Lilongwe, 27 Muharram 1435/1 Desember 2013 (MINA) – Semakin banyak orang Kristen di Malawi, Afrika Selatan telah berpaling untuk mengkonsumsi makanan halal, mereka mengklaim sebagai pola hidup sehat dan sesuai dengan ajaran Kitab Suci.

“Kami orang Kristen sepenuhnya merangkul konsep ini,” kata Pastor Barnabas Salaka, Imam senior Gereja Anglikan di Malawi di wilayah selatan negara itu.

“Pada awalnya kami sangat ragu-ragu untuk menerima makanan halal ini. Kami menduga itu cara yang disengaja umat Islam untuk memengaruhi orang-orang Kristen agar memeluk Islam,” tambahnya.

Ia menambahkan, selama bertahun-tahun, umat Kristen telah menyadari bahwa itu untuk kebaikan diri sendiri, baik dari segi kesehatan atau kebaikan agama.  Bahkan dalam kitabnya memiliki beberapa ajaran yang menekankan standar higienis yang baik dan hidup sehat bagi orang Kristen.

Dalam beberapa tahun terakhir, para pemimpin Kristen di Malawi bersama pengikutnya telah sepenuhnya menganut konsep halal yang dipromosikan oleh komunitas Muslim di negara Afrika bagian selatan.

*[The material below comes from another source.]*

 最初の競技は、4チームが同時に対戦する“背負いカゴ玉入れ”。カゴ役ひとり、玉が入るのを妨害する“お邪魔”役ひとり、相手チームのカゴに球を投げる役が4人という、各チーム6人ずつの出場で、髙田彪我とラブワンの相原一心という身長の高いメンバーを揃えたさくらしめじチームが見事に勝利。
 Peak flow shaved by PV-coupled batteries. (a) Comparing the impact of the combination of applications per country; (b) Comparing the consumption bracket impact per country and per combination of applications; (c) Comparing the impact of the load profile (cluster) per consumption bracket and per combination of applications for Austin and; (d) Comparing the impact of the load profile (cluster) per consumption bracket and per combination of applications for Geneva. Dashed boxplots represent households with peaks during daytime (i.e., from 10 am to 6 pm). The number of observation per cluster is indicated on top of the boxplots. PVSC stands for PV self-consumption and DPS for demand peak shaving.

“Dalam kitab, melarang kita untuk makan yang terkontaminasi dengan yang dipersembahkan untuk berhala,” menurut laporan Onislam dikutip Mi’raj news Agency (MINA).

Konsep halal merupakan promosi makanan yang higienis dan itu memengaruhi non-Muslim untuk mengambil hidup sehat dengan makanan halal.

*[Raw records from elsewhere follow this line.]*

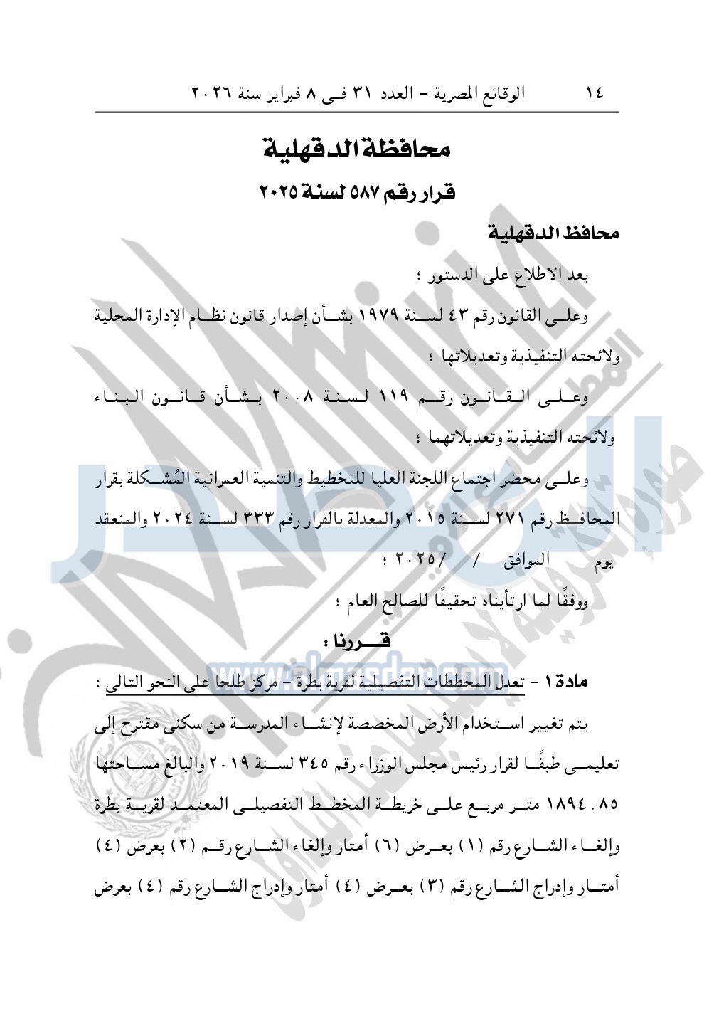 كما نشرت الوقائع المصرية في العدد 31، الصادر في 8 فبراير سنة 2026، محافظة الدقهلية، رقم 587 لسنة 2025، بشأن تعديل المخططات التفصيلية لقرية بطرة.
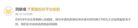 另一位网友称,6月9号只是点击查看随心花额度,并未申请贷款,平台便直接给申请了3300元贷款,到账1700元,五天后还钱,网友想找客服处理,却联系不到客服。
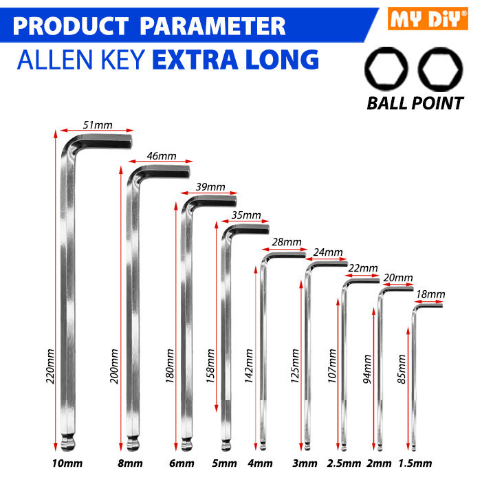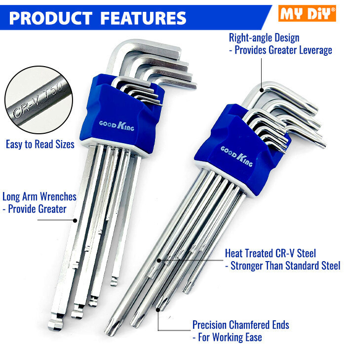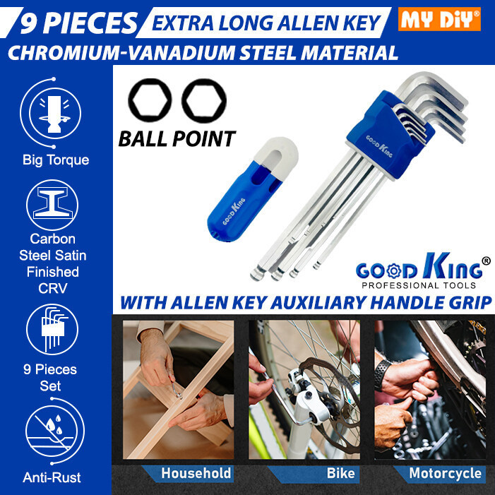 GOOD KING 9pcs Allen Key Set Allen Key Ball Point Allen key Torx Star Allen Key CR-V Kunci Allen Key
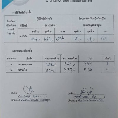 ระดับมัธยมศึกษาตอนปลาย จัดให้มีการเลือกตั้งคณะกรรมการสภานักเรียน ปีการศึกษา 2567 เมื่อวันที่ 23 เมษายน 2567 มีผู้สมัครจำนวน 2 พรรค พรรคที่ 1 พรรคแรกพบ พรรคที่ 2 พรรคใจ โดย พรรคใจ ชนะการเลือกตั้งด้วยคะแนน 556 คะแนน

“Sebagai pemimpin gereja, saya telah mendukung penuh dan mendorong pengikut saya untuk mengkonsumsi makanan halal itu,” kata  Pastor Emmanuel Mbaisa, pendiri dan pengawas Gereja Injil Murni.

Konsep halal dalam bahasa Arab berarti diizinkan.  Muslim seharusnya hanya memakan daging yang dipotong oleh pisau tajam dan membaca nama Allah.

Sekarang tidak hanya makanan yang disertifikasi halal namun termasuk kosmetik, pakaian, dan farmasi.

Islam adalah agama terbesar kedua di Malawi setelah Kristen.  Statistik resmi menunjukan, umat Islam mencapai 12 persen dari populasi 14 juta jiwa, namun setelah sensus dilakukan beberapa tahun lalu Muslim Malawi menempati angka 36 persen. (T/P013/R2).